╔══
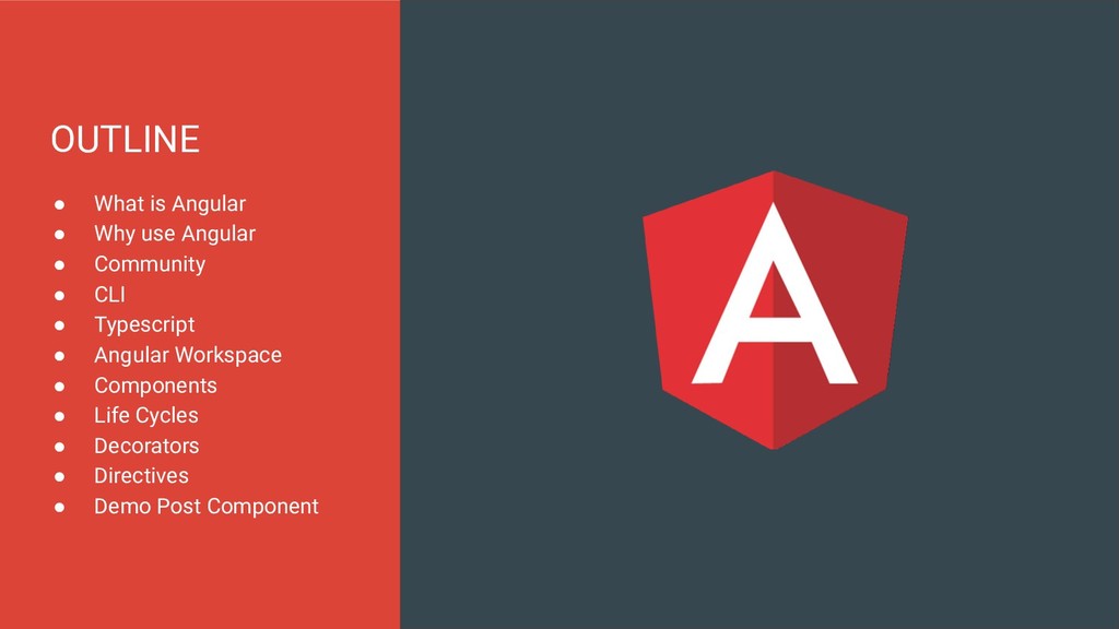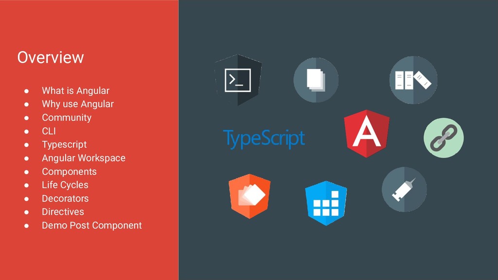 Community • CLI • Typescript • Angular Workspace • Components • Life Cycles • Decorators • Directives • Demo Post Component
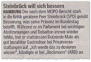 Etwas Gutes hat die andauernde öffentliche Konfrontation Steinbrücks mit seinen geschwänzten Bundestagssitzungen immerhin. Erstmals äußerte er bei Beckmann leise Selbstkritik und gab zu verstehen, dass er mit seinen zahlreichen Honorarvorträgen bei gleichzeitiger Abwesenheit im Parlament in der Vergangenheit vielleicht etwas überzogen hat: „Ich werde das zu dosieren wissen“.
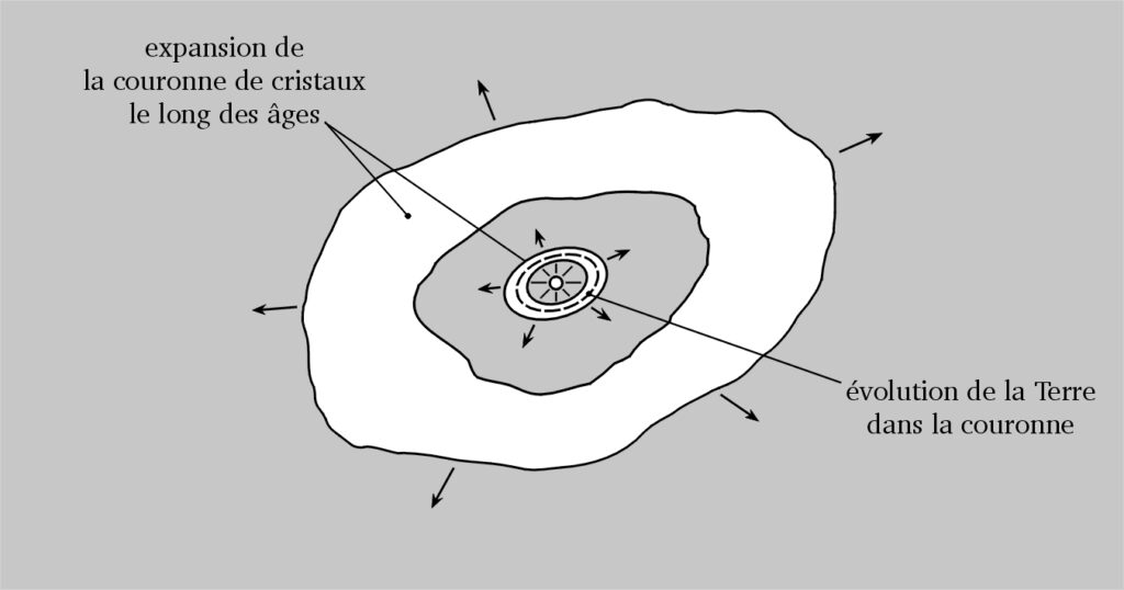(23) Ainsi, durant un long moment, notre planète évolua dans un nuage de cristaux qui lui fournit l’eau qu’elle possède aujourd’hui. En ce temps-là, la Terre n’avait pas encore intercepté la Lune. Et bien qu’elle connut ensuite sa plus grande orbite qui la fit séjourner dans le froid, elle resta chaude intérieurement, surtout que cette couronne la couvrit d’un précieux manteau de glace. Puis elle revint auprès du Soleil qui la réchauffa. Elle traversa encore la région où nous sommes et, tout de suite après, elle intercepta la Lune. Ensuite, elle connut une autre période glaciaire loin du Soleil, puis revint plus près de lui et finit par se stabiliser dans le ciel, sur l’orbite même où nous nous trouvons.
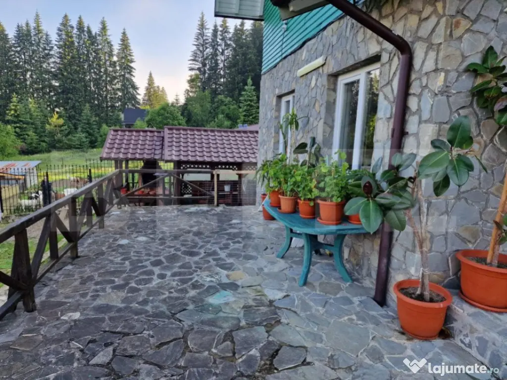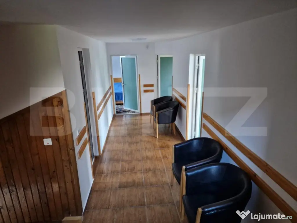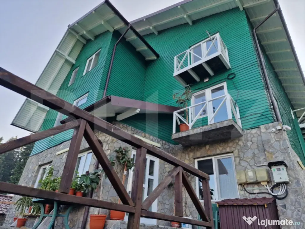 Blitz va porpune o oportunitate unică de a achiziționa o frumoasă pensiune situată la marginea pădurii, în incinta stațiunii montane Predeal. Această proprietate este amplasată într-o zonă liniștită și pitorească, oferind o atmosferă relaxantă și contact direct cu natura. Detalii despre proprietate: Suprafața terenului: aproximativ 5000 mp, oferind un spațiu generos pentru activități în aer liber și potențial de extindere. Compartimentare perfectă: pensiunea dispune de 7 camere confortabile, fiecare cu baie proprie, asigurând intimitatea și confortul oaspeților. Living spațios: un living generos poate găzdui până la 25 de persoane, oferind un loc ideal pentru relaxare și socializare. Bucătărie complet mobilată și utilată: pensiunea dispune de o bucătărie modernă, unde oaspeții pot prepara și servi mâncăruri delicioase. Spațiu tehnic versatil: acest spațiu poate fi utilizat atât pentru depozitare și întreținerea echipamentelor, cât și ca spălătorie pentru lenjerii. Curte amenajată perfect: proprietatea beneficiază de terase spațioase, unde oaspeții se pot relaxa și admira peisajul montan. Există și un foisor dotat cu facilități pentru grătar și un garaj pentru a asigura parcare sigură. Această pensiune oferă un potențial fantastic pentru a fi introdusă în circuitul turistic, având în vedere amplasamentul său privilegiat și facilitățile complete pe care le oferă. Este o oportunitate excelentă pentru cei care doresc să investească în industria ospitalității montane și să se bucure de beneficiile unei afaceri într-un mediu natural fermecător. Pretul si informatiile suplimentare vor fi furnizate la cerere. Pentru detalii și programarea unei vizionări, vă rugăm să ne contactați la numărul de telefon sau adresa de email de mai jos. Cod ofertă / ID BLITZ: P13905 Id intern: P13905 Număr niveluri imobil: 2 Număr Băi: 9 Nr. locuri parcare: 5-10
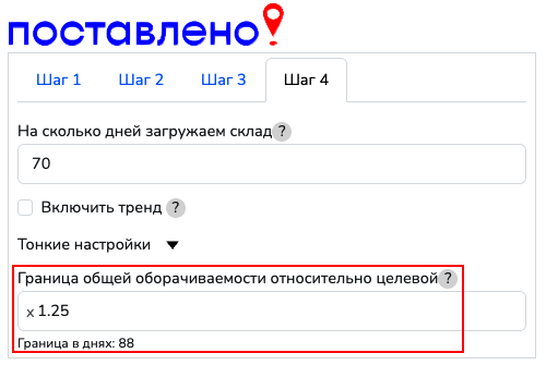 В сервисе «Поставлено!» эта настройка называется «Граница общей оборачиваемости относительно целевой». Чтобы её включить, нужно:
╚══
**Your assignment**. Nothing but the lines from the top of the data above through the line containing "Etwas Gutes hat" should be output, exactly as written and without the pictures.

**Response**.
 Community • CLI • Typescript • Angular Workspace • Components • Life Cycles • Decorators • Directives • Demo Post Component
 Etwas Gutes hat die andauernde öffentliche Konfrontation Steinbrücks mit seinen geschwänzten Bundestagssitzungen immerhin. Erstmals äußerte er bei Beckmann leise Selbstkritik und gab zu verstehen, dass er mit seinen zahlreichen Honorarvorträgen bei gleichzeitiger Abwesenheit im Parlament in der Vergangenheit vielleicht etwas überzogen hat: „Ich werde das zu dosieren wissen“.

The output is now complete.